# Swan Crunch Time



## deadduck (Jul 21, 2009)

I have yet to fill my swan tag. It ends this sunday, and I was wondering where to go. I know BRBR has been good, but I have not been out there for a bit, and I am wondering how this freeze affected the swan hunting out there.

Any suggestions, let me know please! or PM me.

Thanks


----------



## dkhntrdstn (Sep 7, 2007)

Im in the same boat. I will give it one more shot this weekend.It been fun chasing them this year with what time I had with my late start.Good luck. It looks like the number are starting to show up now.I went to brbr last Friday and all the swan we seen was way out west and the ones that come close to us we just right out of range.


----------



## Surf n turf (Oct 27, 2008)

The refuge on monday had swans flying everywhere, had atleast six to seven flocks under 30 yards, but I already filled my tag.
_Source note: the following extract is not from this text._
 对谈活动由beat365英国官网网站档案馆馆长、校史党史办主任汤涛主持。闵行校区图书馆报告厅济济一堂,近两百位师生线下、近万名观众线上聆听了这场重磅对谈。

Today I didnt see or hear a single bird.


----------



## CANTSHOOT (Oct 17, 2008)

Went to the brbr on Sunday and didn't hear much in the way of swans when we got there about 12. By 5 o'clock we had three swans down. The were heading from unit 2 to the rest area. Just gotta get out on the ice and pattern their flight. They are pretty routine and after a couple short (under 50 yards) we were smack dab in the flight path. Good luck to every one needing to finish the deed.


----------



## Junkman (Dec 10, 2009)

This is the best time to kill a swan in BRBR. I don't believe they have a flight pattern they just fly wild. Anyone who can't fill there swan tag sould not reapply.


----------



## dkhntrdstn (Sep 7, 2007)

Junkman said:


> . Anyone who can't fill there swan tag sould not reapply.
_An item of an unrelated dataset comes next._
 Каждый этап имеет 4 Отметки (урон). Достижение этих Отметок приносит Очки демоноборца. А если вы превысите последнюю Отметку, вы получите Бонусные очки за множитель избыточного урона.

why do you say that ? So if I don't fill my tag I should not appl next year ? Even thou I have killed four in a row and did not kill one this year. Give me a break.O yea I will have my name in the draw again next year. :mrgreen:


----------



## Phil Sanders (Nov 25, 2009)

dkhntrdstn said:


> Junkman said:
> 
> 
> > . Anyone who can't fill there swan tag sould not reapply.
> ...


These guys are doing a great job at mouth calling these swans.........


----------



## TEX-O-BOB (Sep 12, 2007)

Shane and I went out tonight and he got his swan and we both shot limits of cans and three other species of duck as well. Then I fell through the ice head first and took a cold winter bath. :shock: My hunt was then over and I ran back to the truck to strip and sit by the heater till Shane was finished. We saw no less than 2000 swans and billions of ducks. The spot we were at however is TOP SECRET! 8) :lol: :twisted:


----------



## Theekillerbee (Jan 8, 2009)

Junkman said:


> This is the best time to kill a swan in BRBR. I don't believe they have a flight pattern they just fly wild. Anyone who can't fill there swan tag sould not reapply.


You be a crack smoka! They do have a flight path, once you get on it, you can count on birds coming past. I think I'll apply every year just in hopes that I get your tag! Stinkin' plick.


----------



## katorade (Sep 23, 2007)

Junkman said:


> This is the best time to kill a swan in BRBR. I don't believe they have a flight pattern they just fly wild. Anyone who can't fill there swan tag sould not reapply.


Troll!


----------



## Junkman (Dec 10, 2009)

If you can get a hall pass and get away from your TV you would be able to fill your atg.
Good luck!


----------



## Junkman (Dec 10, 2009)

YES TAG!


----------



## dkhntrdstn (Sep 7, 2007)

Junkman said:


> If you can get a hall pass and get away from your TV you would be able to fill your atg.
> Good luck!


I had all the hall pass I wanted.But when you can't get out there and walk in the mud and have a BIG O BOOT on your foot it kind of hard to get out there. Pluse the Dr would not let me go out.


----------



## Gee LeDouche (Sep 21, 2007)

dkhntrdstn said:


> Junkman said:
> 
> 
> > If you can get a hall pass and get away from your TV you would be able to fill your atg.
> ...


He sounds butthurt that he either missed the deadline or didn't draw out this year. Lolz.


----------



## Junkman (Dec 10, 2009)

I drew out and filled my tag. The swan tasted great!


----------



## Mojo1 (Sep 8, 2007)

Hummm....Old Phil gets canned and Junk appears; you guys make your own conclusions.


----------



## king eider (Aug 20, 2009)

Mojo1 said:


> Hummm....Old Phil gets canned and Junk appears; you guys make your own conclusions.


+1


----------



## kev (Feb 7, 2008)

TEX-O-BOB said:


> Shane and I went out tonight and he got his swan and we both shot limits of cans and three other species of duck as well. Then I fell through the ice head first and took a cold winter bath. :shock: My hunt was then over and I ran back to the truck to strip and sit by the heater till Shane was finished. We saw no less than 2000 swans and billions of ducks. The spot we were at however is TOP SECRET! 8) :lol: :twisted:


I bet I know where it is!! Sounds like Troy owes me dinner! And if you get to mount it, I think that should garner at the very least a hamburger from you! JK

Congrats on the birds, sorry about the bath!! In as much as you went in head first and you don't have much in the way of insulation up there :lol: that must have sucked!

Later,
Kev


----------



## TEX-O-BOB (Sep 12, 2007)

What? Troy owes you dinner? What, were you guys betting on weather or not I'd fall in? You two basterds jinxed me! Basterds! Tell troy he owes me dinner too! :twisted:


----------